The “Length” key of the stream object is wrong.
The “Length” key of the stream object is wrong.
The “Length” key of the stream object is wrong.
The “Length” key of the stream object is wrong.
The document does not conform to the requested standard.
The file format (header, trailer, objects, xref, streams) is corrupted.
The document contains device-specific color spaces.
The document’s meta data is either missing or inconsistent or corrupt.
Done.

Based on all that my tentative conclusion is that there is an issue with PDF documents that are being generated by the new API system where the original form was submitted electronically.

This issue manifests itself as some kind of corruption/non-comformation in some PDF rendering engines (including Firefox and Aspose.pdf, pdf-tools.com) but not others (Chrome, IE, Adobe).

The same issue does not seem to effect documents generated by the new API when the original document is scanned or the documents are downloaded through CH direct.

Hope that helps troubleshoot it as this has potential to be a major issue for us.

Additional:

If you open the files in a text editor you can see that they’re nearly identical. However there is one big difference. The files are made up of a seriues of objects that contain metadata and sometimes a stream. Following each stream there is an object that contains only a single integer: They always seem to come in pairs.

17 0 obj
<<
/Length 18 0 R
/Type /XObject
/Subtype /Image
/Name /Im3
/Width 1650
/Height 2200
/BitsPerComponent 1
/ColorSpace /DeviceGray
/Filter /CCITTFaxDecode /DecodeParms << /K -1 /Columns 1650 /Rows 2200>>
STREAM DATA I’VE CUT OUT
endstream
endobj
18 0 obj
7474
endobj

I’m pretty sure the integer is the length of the stream.

However in the API version of the file this integer is always zero. This would make sense given the repeating “The “Length” key of the stream object is wrong.” error message when validating.

There are other issues as well, but it’s a start!

Also, if I run the file through the PDF repair tool here: PDF Tools Online - Repair PDF it will open in Firefox/work with Aspose.pdf etc.

Some further investigation…

The problem documents (electronically filed and retrieved through the API) are not taking into account the length of various stream objects in the document. I assume this is happening when the tiff is converted to a pdf

This manifests itself in three places:

  • The length attribute that appears in the object following the stream object (showing as 0 rather than the actual length)
  • The various positions of objects in the XREF table
  • The STARTXREF attribute

The latter two values are probably derived from the first, so all the offsets are wrong because it thinks the streams are all zero length. You can actually go into the source of the PDF and manipulate these values to correct them. However it’s a messy process and shouldn’t really be nescessary.

I think most third party programs that can open/render these documents are ignoring the corrupt XREF table and just doing everything on the fly.

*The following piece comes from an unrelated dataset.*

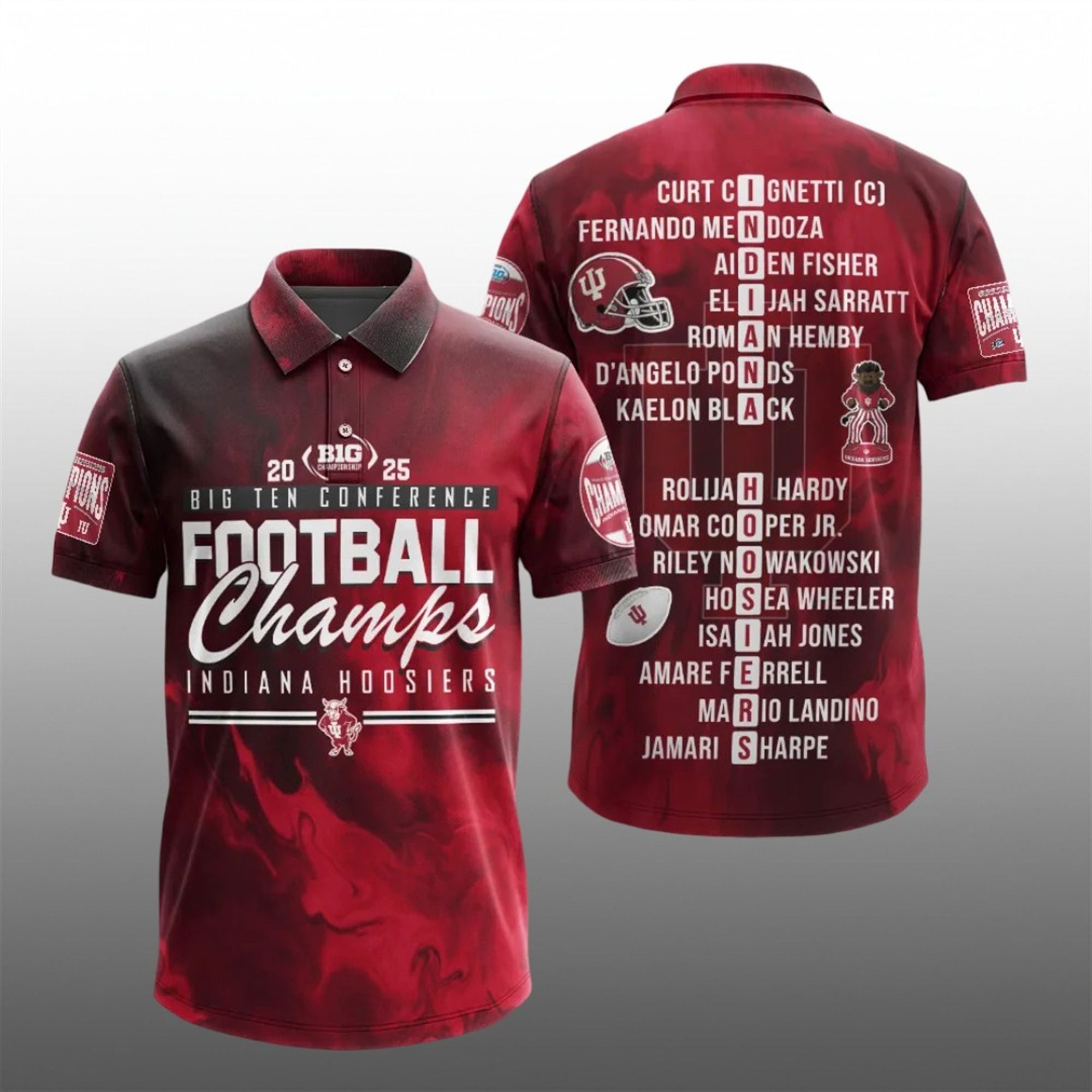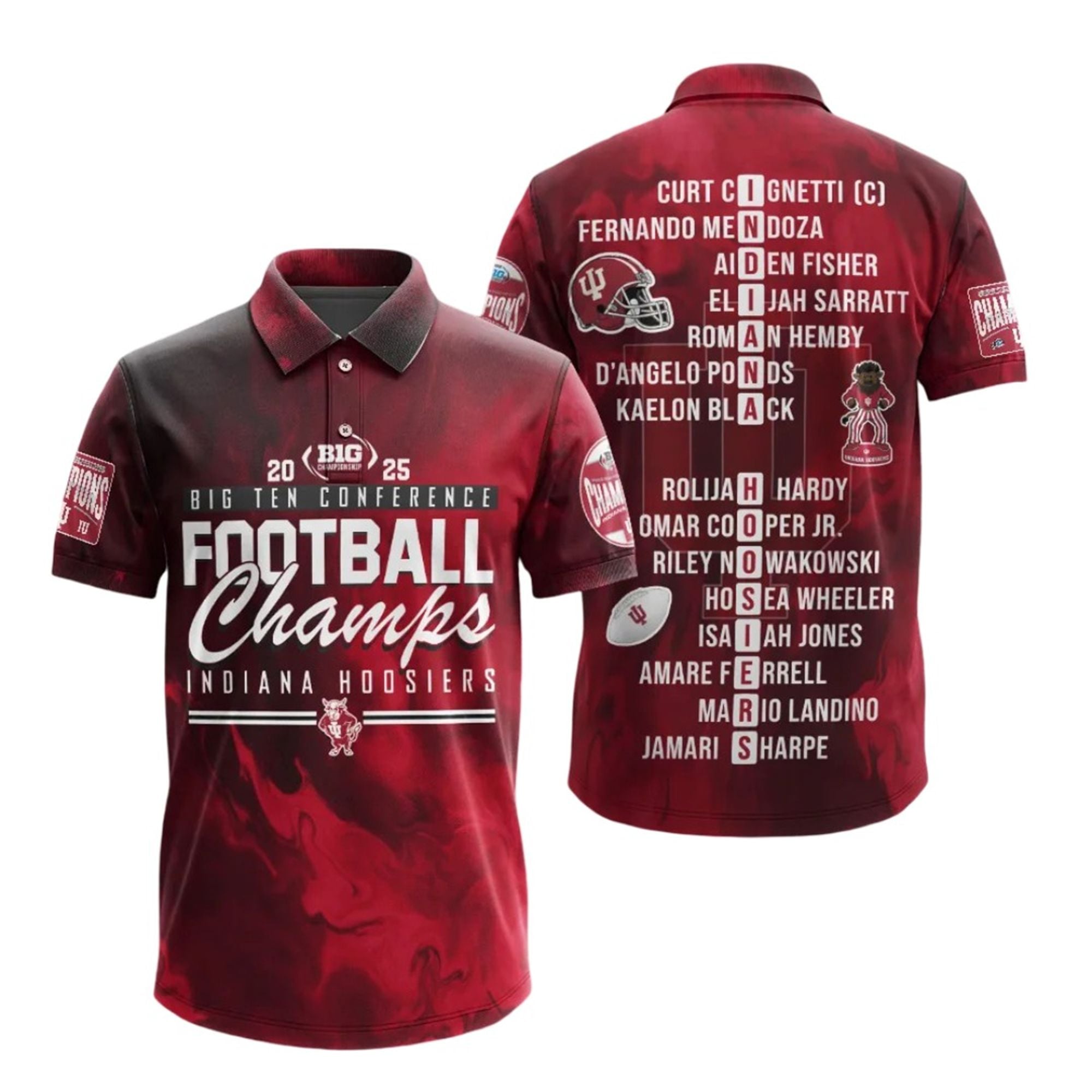 The 2025 season will forever be etched in the memories of Indiana football fans. This polo shirt is designed to capture the energy, the grit, and the glory of the Big Ten Championship run. The front of the shirt features a bold, dynamic graphic declaring “2025 Big Ten Conference Football Champs,” set against a deep, smoky crimson background that exudes power and prestige. It is a visual statement that lets everyone know exactly where your allegiance lies and that the Hoosiers are the kings of the conference.

This means, in theory, that these documents will take longer to open and render so even in situations where the document can be used it’s not ideal.

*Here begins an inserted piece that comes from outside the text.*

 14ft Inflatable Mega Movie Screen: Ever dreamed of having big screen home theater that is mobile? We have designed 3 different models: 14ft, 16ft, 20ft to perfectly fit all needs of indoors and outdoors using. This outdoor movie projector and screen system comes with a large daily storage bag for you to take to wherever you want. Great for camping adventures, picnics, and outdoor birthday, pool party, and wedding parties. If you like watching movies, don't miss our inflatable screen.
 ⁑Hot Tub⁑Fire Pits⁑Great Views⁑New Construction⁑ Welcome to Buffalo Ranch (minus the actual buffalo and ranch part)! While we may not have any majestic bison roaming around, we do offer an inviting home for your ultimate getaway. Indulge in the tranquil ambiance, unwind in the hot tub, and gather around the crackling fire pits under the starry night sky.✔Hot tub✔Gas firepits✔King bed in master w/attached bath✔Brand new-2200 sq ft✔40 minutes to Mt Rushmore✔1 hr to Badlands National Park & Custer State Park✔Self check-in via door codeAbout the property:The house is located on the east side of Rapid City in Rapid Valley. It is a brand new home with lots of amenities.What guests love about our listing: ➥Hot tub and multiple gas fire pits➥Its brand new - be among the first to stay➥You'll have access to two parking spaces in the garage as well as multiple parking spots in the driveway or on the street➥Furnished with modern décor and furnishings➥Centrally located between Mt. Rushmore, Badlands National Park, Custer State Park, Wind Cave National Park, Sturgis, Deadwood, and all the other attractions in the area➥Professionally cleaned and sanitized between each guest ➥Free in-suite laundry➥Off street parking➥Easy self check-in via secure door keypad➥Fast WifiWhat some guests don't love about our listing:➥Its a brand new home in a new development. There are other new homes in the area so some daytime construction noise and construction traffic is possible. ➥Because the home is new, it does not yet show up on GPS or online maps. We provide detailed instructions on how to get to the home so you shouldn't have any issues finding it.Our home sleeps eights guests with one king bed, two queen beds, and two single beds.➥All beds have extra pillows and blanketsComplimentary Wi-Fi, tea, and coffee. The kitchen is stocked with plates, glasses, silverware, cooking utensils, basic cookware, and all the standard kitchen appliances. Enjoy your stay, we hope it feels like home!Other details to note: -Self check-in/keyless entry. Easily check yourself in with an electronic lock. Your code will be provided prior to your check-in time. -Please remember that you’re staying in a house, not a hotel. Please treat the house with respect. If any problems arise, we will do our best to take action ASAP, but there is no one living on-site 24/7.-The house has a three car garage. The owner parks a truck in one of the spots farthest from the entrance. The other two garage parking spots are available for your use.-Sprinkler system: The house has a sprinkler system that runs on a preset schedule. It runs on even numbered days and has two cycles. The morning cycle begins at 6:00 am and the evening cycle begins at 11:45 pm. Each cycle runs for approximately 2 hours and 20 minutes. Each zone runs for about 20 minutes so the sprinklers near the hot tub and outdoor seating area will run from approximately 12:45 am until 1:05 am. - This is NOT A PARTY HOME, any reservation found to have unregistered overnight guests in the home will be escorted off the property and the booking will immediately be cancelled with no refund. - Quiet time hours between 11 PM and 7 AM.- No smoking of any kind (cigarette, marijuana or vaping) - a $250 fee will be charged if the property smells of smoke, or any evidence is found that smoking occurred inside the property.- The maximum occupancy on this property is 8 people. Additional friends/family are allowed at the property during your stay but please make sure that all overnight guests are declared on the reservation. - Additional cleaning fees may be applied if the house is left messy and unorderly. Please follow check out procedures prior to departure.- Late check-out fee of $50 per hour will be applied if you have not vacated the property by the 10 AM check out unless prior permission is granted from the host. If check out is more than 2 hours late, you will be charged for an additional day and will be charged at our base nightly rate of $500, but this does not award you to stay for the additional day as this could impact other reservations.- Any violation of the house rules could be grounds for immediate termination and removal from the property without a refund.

Thank you for going to such effort. This information has been added to our own investigation, which is ongoing. Primarily we are trying to identify the cause to prevent further PDF problems, and intend to put in place a solution to resolve the current issue.

Thanks Chris, in the meantime I’ve figured our a workaround for Aspose (essentially loading the document, saving it to a stream and then loading it again will fix the XREF table and allow me to merge etc without error), so even if it continues to be a know issue with regards to Firefox, we can still work with these files.

Does anyone have any feedback on this issue from Companies House ? This seems like a relatively extensive issue and wanted to see if there was any suggestions of a fix been put in place by Companies House?